Comment

A fleeting opportunity

Putting heads together: “The INDU proposal was not only meant to augment existing Professional Military Education capacities, but to provide the intellectual underpinnings for “jointness” among the different services.” File photo from the Indian Military Academy in Dehradun.

Putting heads together: “The INDU proposal was not only meant to augment existing Professional Military Education capacities, but to provide the intellectual underpinnings for “jointness” among the different services.” File photo from the Indian Military Academy in Dehradun.  

more-in

The current design for the National Defence University falls far short of the original ambition.

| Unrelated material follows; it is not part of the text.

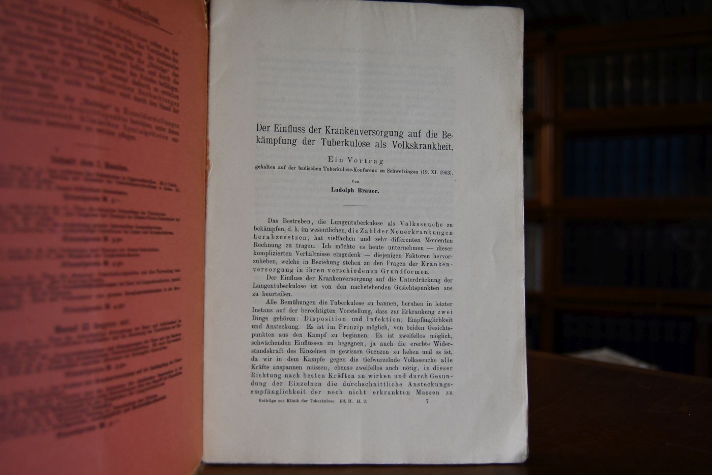 Beiträge zur Klinik der Tuberkulose. Band II, Heft 2 Brauer Der Einfluss der Krankenversorgung auf die Bekämpfung der Tuberkulose als Volkskrankheit. 2. Hess Über das Verhalten und die Bedeutung des ciastischen Fasernetzes in der Lunge bei Erkrankung an Tuberkulose nebst Betrachtungen über den Begriff Disposition. 3. van Oordt Der Wintersport in der Prophylaxe der Lungentuberkulose. 4. Schoenborn Aussterbende Familien. 5. Curschmann Klinischer Beitrag zur Tuberkulose des Pylorus. 6. Brauer Anzeigerecht, Anzeigepflicht und Morbiditäts-Statistik.

The draft bill for the proposed Indian National Defence University (INDU) has been recently placed in the public domain. While the intent to seek comments is a good sign, the draft bill is a stark illustration of deeper infirmities in thinking about both national security and higher education.

The idea for creating a National Defence University was first proposed by the Chiefs of Staff Committee in 1967 but it was only after the 1999 Kargil war that this idea was taken seriously when the government created a Committee on the National Defence University (CONDU) headed by the late K. Subrahmanyam. This committee submitted its report in 2002 and provided the rationale for creating a National Defence University. In 2010 the Cabinet gave an “in principle” approval for setting up the Defence University in Binola, near Gurgaon. Subsequently a public sector undertaking EdCIL (India) Limited was tasked with preparing a Detailed Project Report (DPR), a blueprint explaining the physical construction of the university, its act and statutes, plans for faculty development and the overall intellectual approach. After some internal discussions (spearheaded by former National Security Adviser Shiv Shankar Menon) on an initial draft, the final DPR was submitted in February 2013.

Trouble with silos

India already has existing tri-services institutions for Professional Military Education (PME) like the National Defence College (New Delhi), College of Defence Management (Secunderabad) and Staff College (Wellington). Each of the PME institutes ‘educate’ a particular office profile — the National Defence College is for Brigadiers, College of Defence Management for Colonels and Staff College for Majors, and their equivalents in the other services. The INDU proposal was not only meant to augment existing PME capacities, but to provide the intellectual underpinnings for “jointness” among the different services. But jointness cannot be achieved simply by creating additional empires for serving and retired military officers. It requires new ways of thinking and bringing actors across a wide spectrum to understand and learn from each other and build networks of trust that reach across narrow bureaucratic and service silos. Presumably a well-designed National Defence University would attempt to do this. Unfortunately, the INDU as currently constituted does not appear to meet this test.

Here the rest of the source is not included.